• Work instruction: Line by line, give the data again exactly as it appears, but without pictures.

++++ Information given ++++

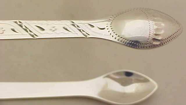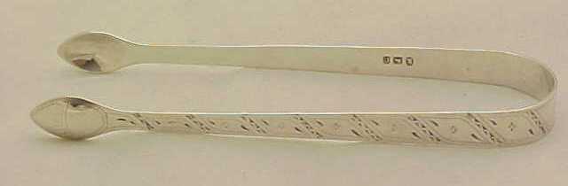 Georgian silver bright cut sugar tongs with acorn grips and the original initial engraving. |
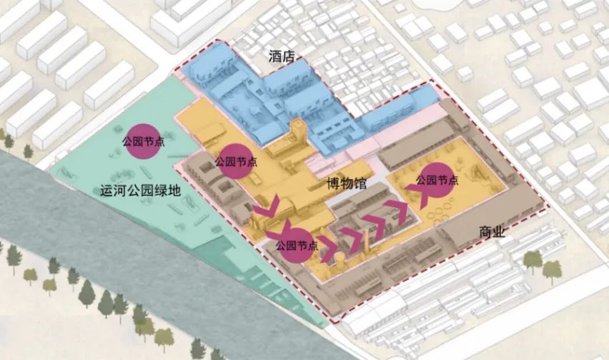 设计如何回应厂区与盐河(大运河支流)之间既存的紧密空间关系?
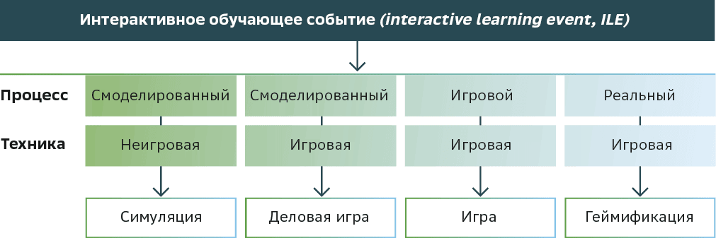 Интерактивное обучающее событие (interactive learning event, ILE) – создает искусственное пространство для обучения, закрепления и практики навыков в безопасной среде. Вовлекает учащегося в интерактивное взаимодействие (с другими участниками или с контентом).
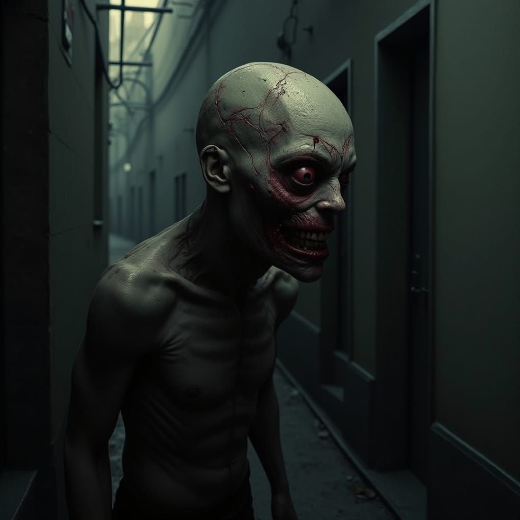 A haunting image of a figure with a mass of rotting skin, surrounded by shadows and whispers, with a single bloodshot eye weeping crimson tears in a dark, damp alleyway, reminiscent of a hyper-realistic, crime scene photograph.
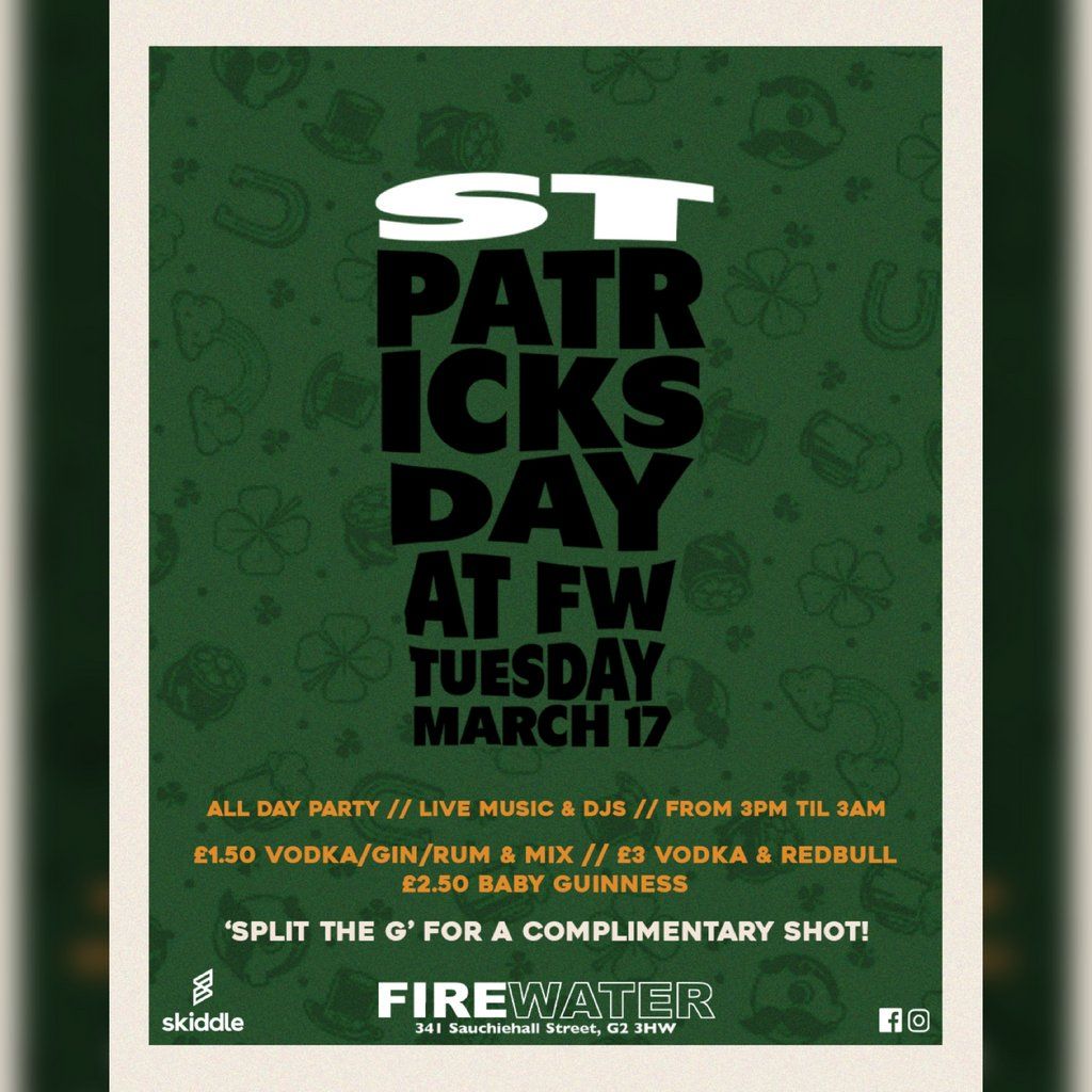Join us Tues 17th for a Sauchiehall Street St Patricks Day special!Live music, £1.50 spirit mixers and a complementary shot if you split the G!

++++

• Output below:
 Georgian silver bright cut sugar tongs with acorn grips and the original initial engraving. |
 设计如何回应厂区与盐河(大运河支流)之间既存的紧密空间关系?
 Интерактивное обучающее событие (interactive learning event, ILE) – создает искусственное пространство для обучения, закрепления и практики навыков в безопасной среде. Вовлекает учащегося в интерактивное взаимодействие (с другими участниками или с контентом).
 A haunting image of a figure with a mass of rotting skin, surrounded by shadows and whispers, with a single bloodshot eye weeping crimson tears in a dark, damp alleyway, reminiscent of a hyper-realistic, crime scene photograph.
Join us Tues 17th for a Sauchiehall Street St Patricks Day special!Live music, £1.50 spirit mixers and a complementary shot if you split the G!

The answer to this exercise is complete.